Shifting to other news: Human trafficking remains a silent problem for Belize. We may walk into our local grocery stores and see it happening without realizing. It’s happening right in our own homes and we are completely oblivious to it. It’s for these reasons and more that there is a sustained effort to address the root causes of the problem, which range from economic hardships to corruption. However, advocates and experts say that often times, victims are revictimised because of society’s internal biases. Project Specialist for the Western Hemisphere Project, Michelle Segura spoke more on the issue.
Michelle Segura, Project Specialist, Western Hemisphere Project: “In cases of CSEC or the Commercial Sexual Exploitation of Children many times you have a culture of victim blaming or revictimization in these cases not taking into account that children worldwide not only in Belize suffer different forms of violence, exploitation and abuse human trafficking being one. Human trafficking is the exploitation of someone particularly in a vulnerable position. When it comes to children we must take into account the revolving capacities so the brain, the body of a child isn’t fully developed. This is not to say that they can’t make decisions depending on their age, the circumstances on decisions that may affect them but it is to say that there are certain rights and protections afforded to them because they are children and they are vulnerable at a different level than adults to these types of exploitation. In Belize violence against children you know knows no boundaries and in many countries as well children are exploited in places that they should be most protected including their homes, their schools and in Belize and globally again many victims know their traffickers. A lot of times it’s parents, it’s a trusted guardian, an uncle, so we have to take all of these issues into account, the harmful practices, and realize that children have the right to be protected from these types of violence, exploitation and abuse so the child protection systems must be in place to help children access vital social services and fair justice systems.”
More than those issues, the focus has been surviving the COVID-19 pandemic and according to the IOM Belize Director, Diana Locke there may be more victims out there. That is why, Locke says, there is a need for continued public awareness because after all, human trafficking does not only affect migrants.
Diana Locke, Director, IOM, Belize: “I come right back to the basic old adage of communication, sharing of information and I come back again to the key that there’s nobody in country more influential than a media core.
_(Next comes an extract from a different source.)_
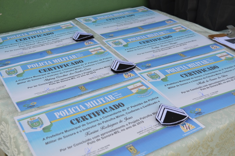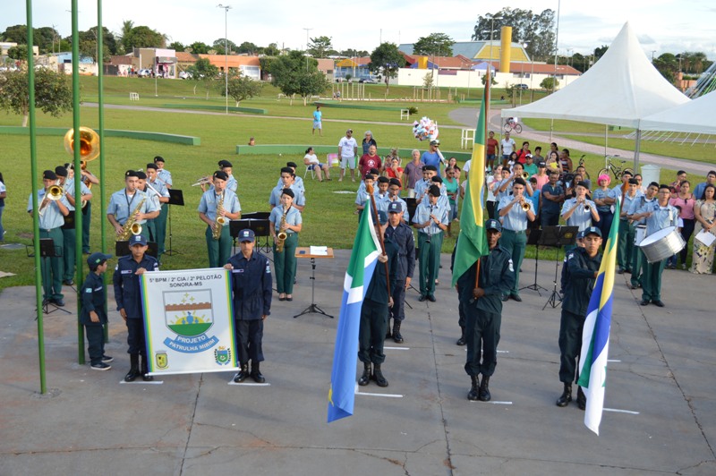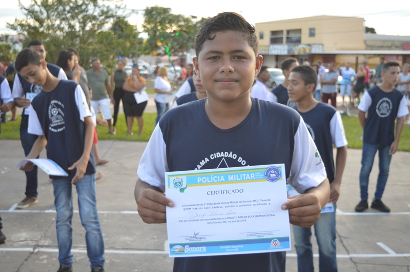 Coxim (MS): A Polícia Militar realizou na tarde de ontem (10/12) a solenidade de formatura de encerramento dos Projetos Patrulha Mirim e do Bom de Bola Bom na Escola (BBBE) em Sonora-MS.

So I personally believe that- I don’t know if it has been done but if it hasn’t it certainly needs to be done where just like how we’re sitting here with you and talking with you that you could have your media colleagues come together in one room you can get thoroughly briefed by government and stakeholders in the subject area about what they’re doing and what is happening, clear up all of the questions that you have in the back of your mind so when you sit on the talk shows in the morning you’re very much influential people in the minds of young people, old people, you influence everybody with what you bring across and I think that as you learn more, the media learns more I think this is the most effective tool in my mind. The media is the most effective tool at this point in time. Government has been doing a lot of things, IOM has been doing things but we don’t have the capacity out there. We put out a press release and it’s a press release for a day and then it dies away. You guys are the ones who are constantly in front of the public, you are the most influential people around and I feel that that partnership between yourselves is not a sexy topic as Jules Vasquez would say so if it doesn’t sell the news you might not want to talk about it but it doesn’t have to be on the news, it could be in the morning shows, it could be in some of their afternoon programs, it could be factored in a number of ways to bring this information across and create awareness as you said things that Belizeans tend to be dismissive of or we say ‘Cho, that?’ I think those are the things that we need to highlight.”
Last week, the Ministry of Human Development launched the new trafficking in person Module on the Ministry’s case management system: FAMCare in partnership with The International Organization for Migration (IOM), under the framework of the Western Hemisphere Program (WHP).
The platform multi-agency online platform to investigate, track, and manage cases of human trafficking.